RDBMS Fundamentals: First Normal Form
In table design, we will frequently talk about normal forms. The first of these, coincidentally, is first normal form, or 1NF. Let’s start with a sample table. Our table will have a list of books, ISBN values, authors, check-out date, and check-in date.
key | isbn | title | author | check_out_date | check_in_date |
---|---|---|---|---|---|
1 | 0439708184, 1408883759, 1408883767 | Harry Potter and the Sorcerer’s Stone | J.K. Rowling | 2017-11-02 15:33:20 | 2017-11-24 08:09:43 |
2 | 1542047579, 0141441143 | Jane Eyre | Charlotte Bronte | null | null |
3 | 0545289599 | Island of the Blue Dolphins | Scott O’Dell | 2017-07-15 10:13:52 | null |
4 | 0395978351 | Curious George Goes Camping | Margaret Rey, H.A. Rey | 2017-03-14 9:05:10 | 2017-04-01 10:12:33 |
A table is said to be in first normal form (or 1NF) when it has no sets as elements and has no repeated columns. The table above is not in 1NF because there are cells with multiple values. We could begin to fix our table by adding new columns to the original. We can see that ISBN has a maximum of three values and author has a maximum of two values.
key | isbn_1 | isbn_2 | isbn_3 | title | author_1 | author_2 | check_out_date | check_in_date |
---|---|---|---|---|---|---|---|---|
1 | 0439708184 | 1408883759 | 1408883767 | Harry Potter and the Sorcerer’s Stone | J.K. Rowling | null | 2017-11-02 15:33:20 | 2017-11-24 08:09:43 |
2 | 1542047579 | 0141441143 | null | Jane Eyre | Charlotte Bronte | null | null | null |
3 | 0545289599 | null | null | Island of the Blue Dolphins | Scott O’Dell | null | 2017-07-15 10:13:52 | null |
4 | 0395978351 | null | null | Curious George Goes Camping | Margaret Rey | H.A. Rey | 2017-03-14 9:05:10 | 2017-04-01 10:12:33 |
Our second version of our books table satisfies the first condition of 1NF. However, we still do not satisfy the second condition of 1NF. We have repeated columns that hold the same piece of data. These columns need to be exported to another table. Let’s create tables for ISBN and author.

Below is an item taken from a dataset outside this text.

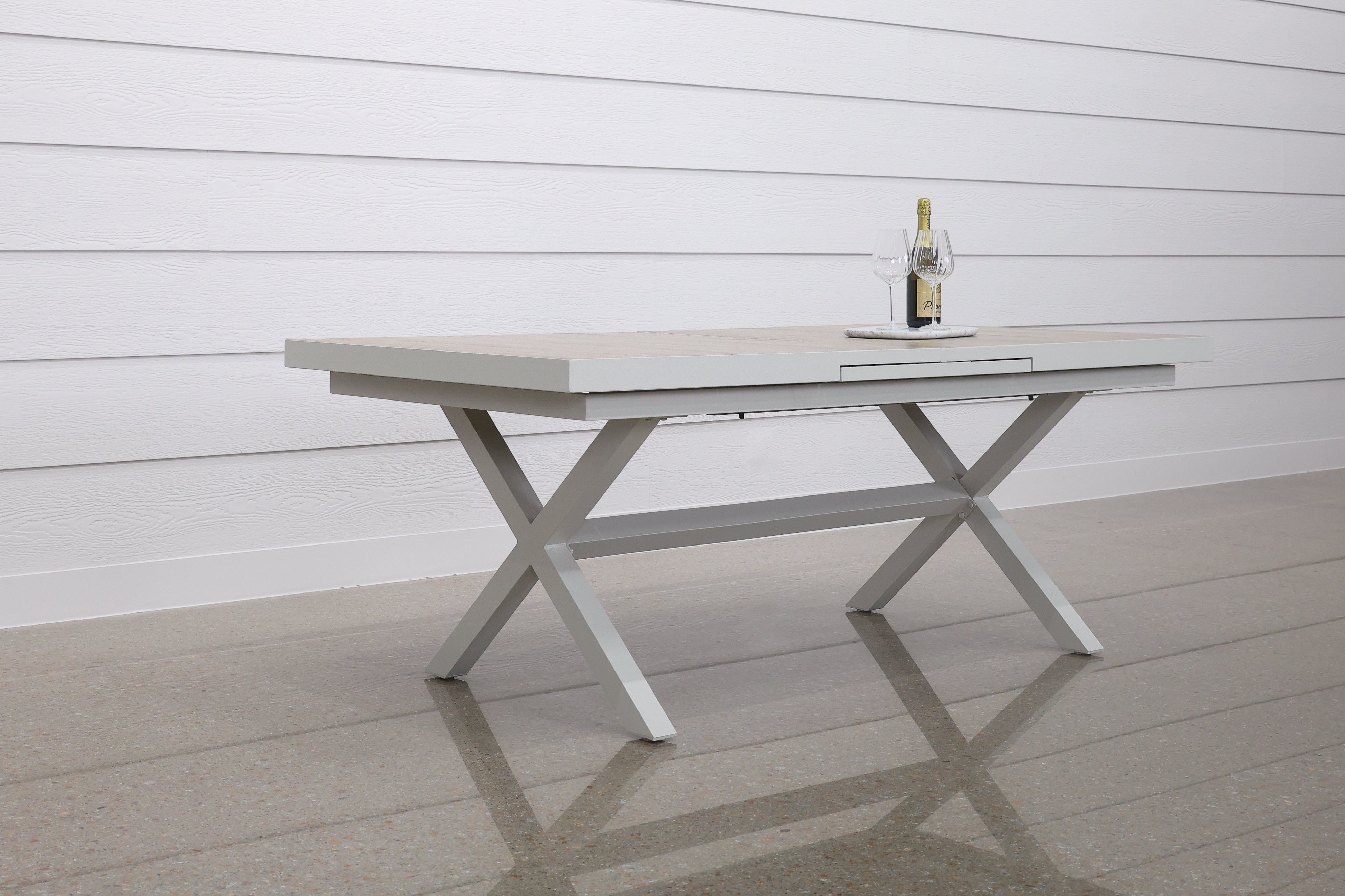 Sleek, sturdy and beautifully modern, the Anglesea Extension Table is designed to elevate your outdoor entertaining. Featuring a wood-look ceramic tiled top and a bold cross-leg frame, this table is as practical as it is stylish. The smooth extension mechanism allows you to effortlessly expand the table when needed, with a clever centre panel that automatically raises and retracts into place. Whether you’re hosting an intimate dinner or a lively gathering, the Anglesea is sure to impress and deliver in style.
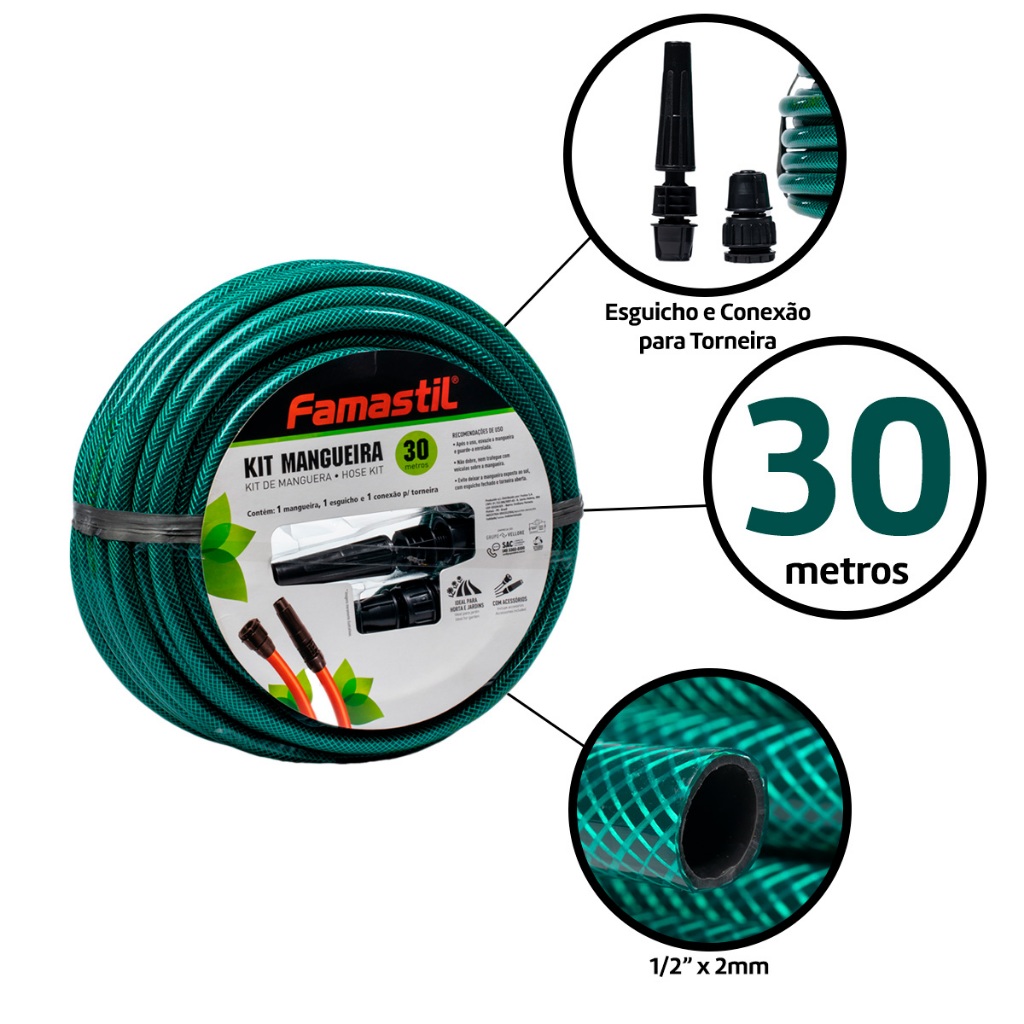 Mangueira para Jardim Trançada 30M 7/16 x 1,5mm Kit Esguicho e Conector Verde Famastil

The third version of our books table will look like the following.
key | title | check_out_date | check_in_date |
---|---|---|---|
1 | Harry Potter and the Sorcerer’s Stone | 2017-11-02 15:33:20 | 2017-11-24 08:09:43 |
2 | Jane Eyre | null | null |
3 | Island of the Blue Dolphins | 2017-07-15 10:13:52 | null |
4 | Curious George Goes Camping | 2017-03-14 9:05:10 | 2017-04-01 10:12:33 |
Our new ISBN table will look like this.
book_key | isbn |
---|---|
1 | 0439708184 |
1 | 1408883759 |
1 | 1408883767 |
2 | 1542047579 |
2 | 0141441143 |
3 | 0545289599 |
4 | 0395978351 |
Finally, this is our new authors table.
book_key | author |
---|---|
1 | J.K. Rowling |
2 | Charlotte Bronte |
3 | Scott O’Dell |
4 | Margaret Rey |
4 | H.A. Rey |
And that’s it! That’s how 1NF works! Think about the number of times that you’ve seen tables that have columns like primary_telephone
, alternate_telephone_1
, alternate_telephone_2
. What about home_address
, work_address
? We see columns like this quite frequently. Now, let’s get rid of them.
Go forth and normalize those tables!